Terraform: Validation and Testing Pipeline
Start with built-in Terraform validation:
# Validate HCL syntax and internal consistency
terraform init -backend=false
terraform validate
Add tflint for style and best-practice checking:
# Install tflint
curl -s https://raw.githubusercontent.com/terraform-linters/tflint/master/install_linux.sh | bash
# Run with AWS rules enabled
tflint --init
tflint --recursive
Configure tflint rules in .tflint.hcl:
# .tflint.hcl
plugin "aws" {
enabled = true
version = "0.30.0"
source = "github.com/terraform-linters/tflint-ruleset-aws"
}
rule "terraform_required_version" {
enabled = true
}
rule "terraform_required_providers" {
enabled = true
}
# Warn on deprecated resource types
rule "aws_instance_invalid_type" {
enabled = true
}
For security scanning, use tfsec or Checkov:
# tfsec: scan for security misconfigurations
docker run --rm -v "$(pwd):/src" aquasec/tfsec /src
# Checkov: broader policy checking
pip install checkov
checkov -d . --framework terraform
Checkov will flag issues like:
Check: CKV_AWS_18: "Ensure the S3 bucket has access logging enabled"

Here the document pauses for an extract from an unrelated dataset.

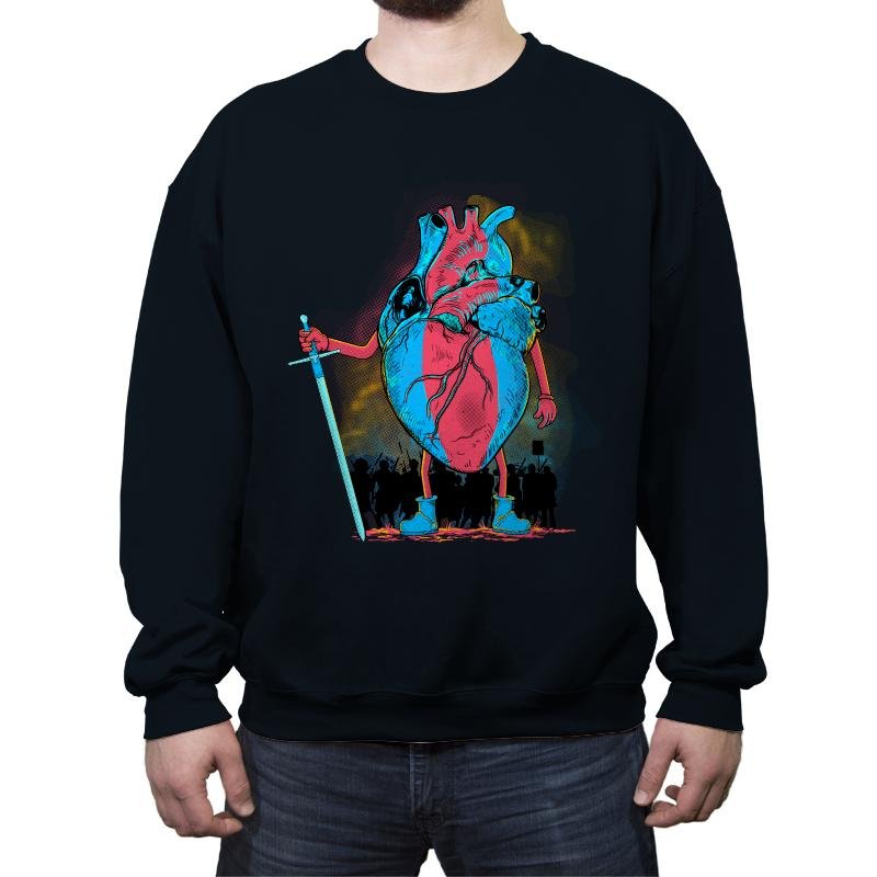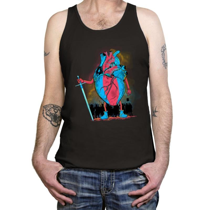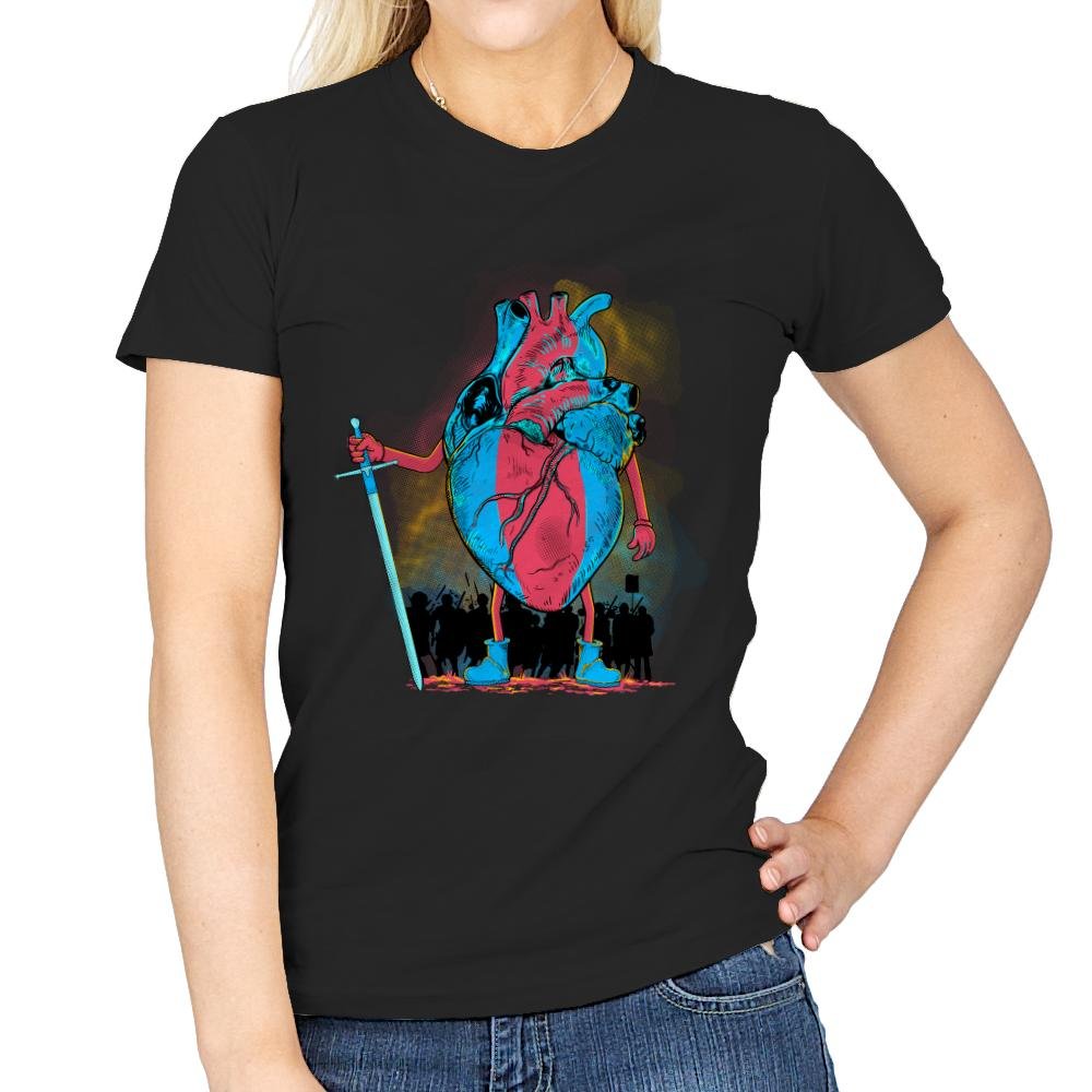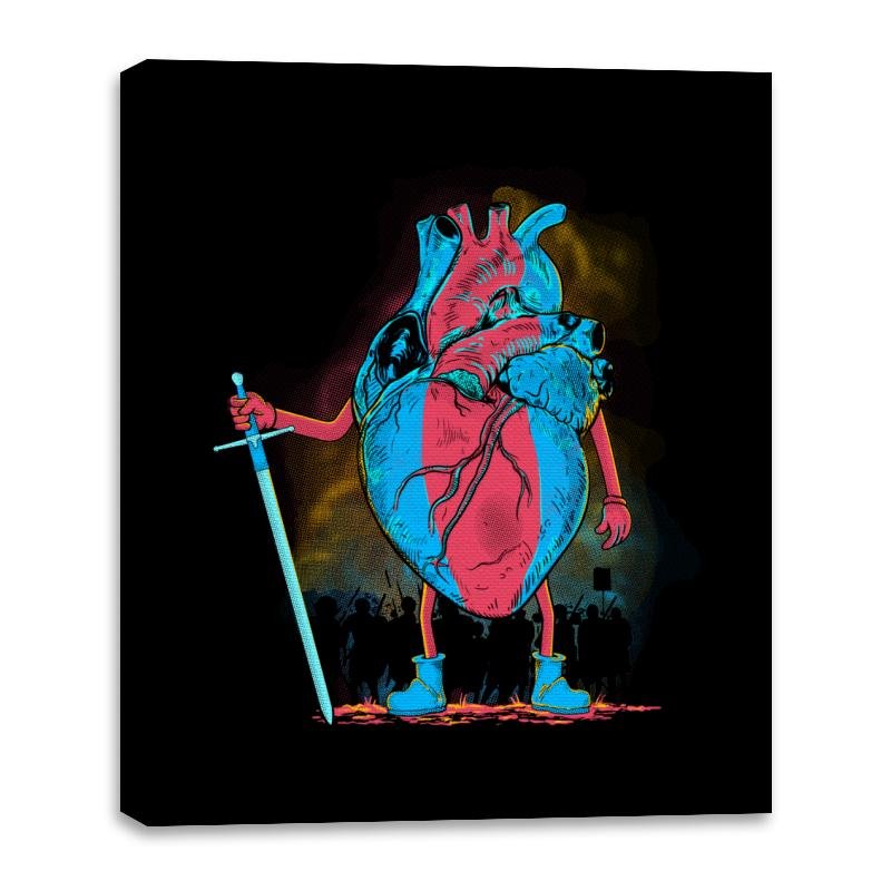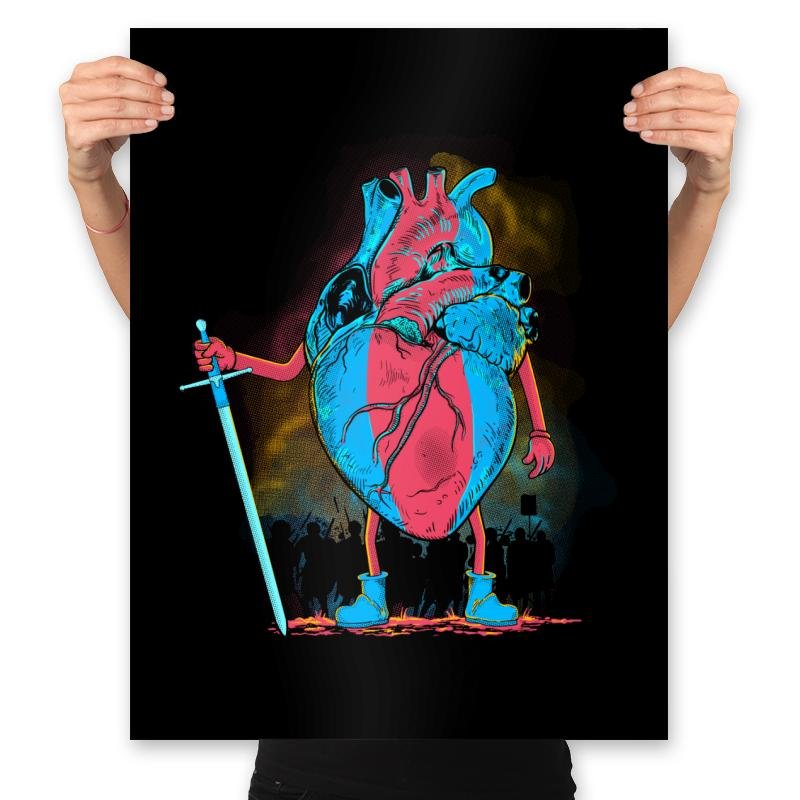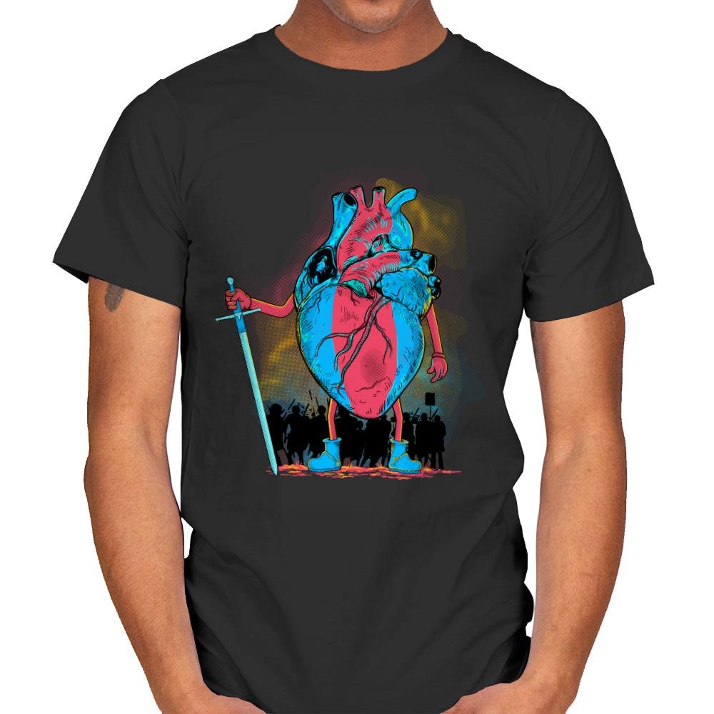 This design takes a literal human heart and drops it into a battlefield moment from pop culture legend. Veins and ventricles form the torso while simple arms, boots, and a towering sword complete the warrior silhouette. The palette flips between electric blue and deep red, giving it a medical diagram glow with comic book drama. Small figures gather in the background, hinting at a larger uprising as the organ takes center stage.
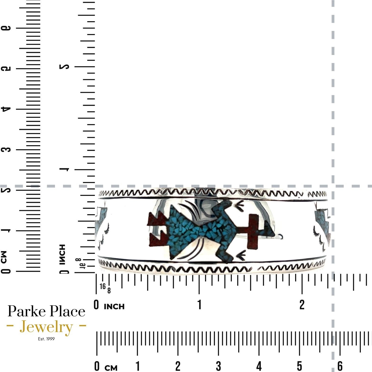 This exquisite cuff bracelet showcases vibrant crushed turquoise and coral inlays set in genuine .925 sterling silver. Weighing 13.9 grams, this piece combines elegance and artistry, making it a perfect accessory for any occasion. Ideal for those who appreciate unique, handcrafted jewelry.

FAILED for resource: aws_s3_bucket.app_uploads
Check: CKV_AWS_19: "Ensure the S3 bucket has server-side-encryption enabled"
FAILED for resource: aws_s3_bucket.app_uploads
For actual unit testing of Terraform modules, use Terratest:
// test/vpc_test.go
package test
import (
"testing"
"github.com/gruntwork-io/terratest/modules/terraform"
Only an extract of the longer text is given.